Reengineering cyt b562 for hydrogen production: A facile route to artificial hydrogenases

Dayn Joseph Sommer, Michael David Vaughn, Brett Colby Clark, John Tomlin, Anindya Roy, Giovanna Ghirlanda

Research output: Contribution to journalArticle

17 Scopus citations

Abstract

Bioinspired, protein-based molecular catalysts utilizing base metals at the active are emerging as a promising avenue to sustainable hydrogen production. The protein matrix modulates the intrinsic reactivity of organometallic active sites by tuning second-sphere and long-range interactions. Here, we show that swapping Co-Protoporphyrin IX for Fe-Protoporphyrin IX in cytochrome b562 results in an efficient catalyst for photoinduced proton reduction to molecular hydrogen. Further, the activity of wild type Co-cyt b562 can be modulated by a factor of 2.5 by exchanging the coordinating methionine with alanine or aspartic acid.
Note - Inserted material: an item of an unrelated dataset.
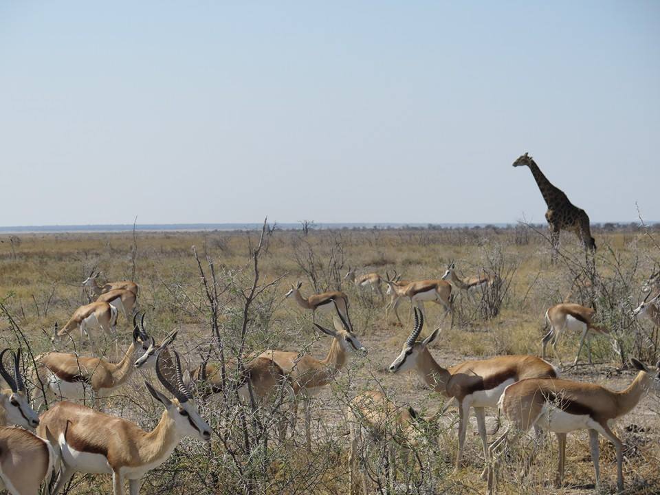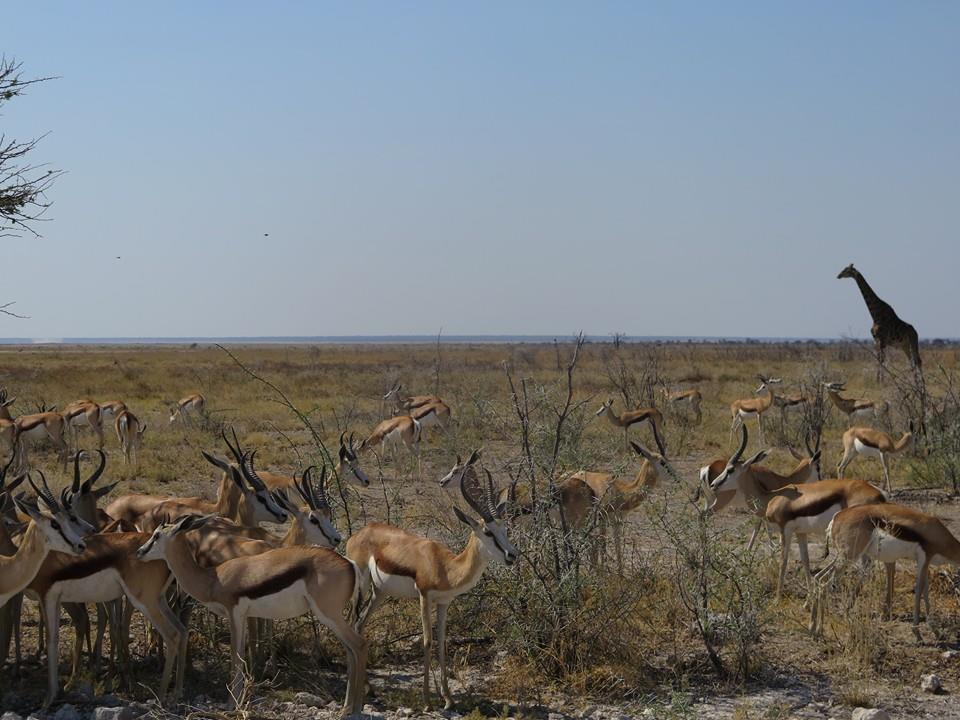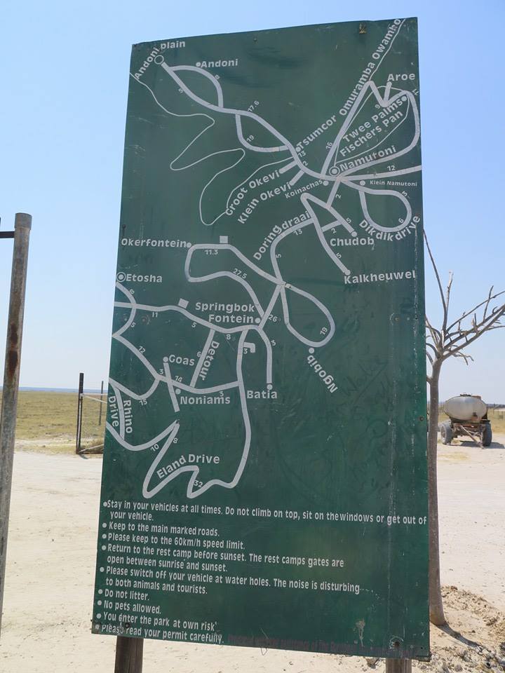 약 114 종의 포유류, 340 종의 조류, 110 종의 파충류, 16 종의 양서류, 우기 동안에는 최대 49 종의 어류가 분포하는 22,270 평방킬로미터 면적의 거대 국립공원. 나미비아 남쪽의 나미브 사막과 더불어 나미비아를 대표하는 두 관광지 중 하나이다. 빈트후크나 스바코프문트 시내에서 투어를 이용하여 방문할 수도 있으나 일행이 있다면 차를 렌트하여 오는 것이 경제적이다.

The observed turnover numbers (TON) range between 125 and 305, and correlate well with the redox potential of the Co-cyt b562 mutants. The photosensitized system catalyzes proton reduction with high efficiency even under an aerobic atmosphere, implicating its use for biotechnological applications. This article is part of a Special Issue entitled Biodesign for Bioenergetics - the design and engineering of electronic transfer cofactors, proteins and protein networks, edited by Ronald L. Koder and J.L. Ross Anderson.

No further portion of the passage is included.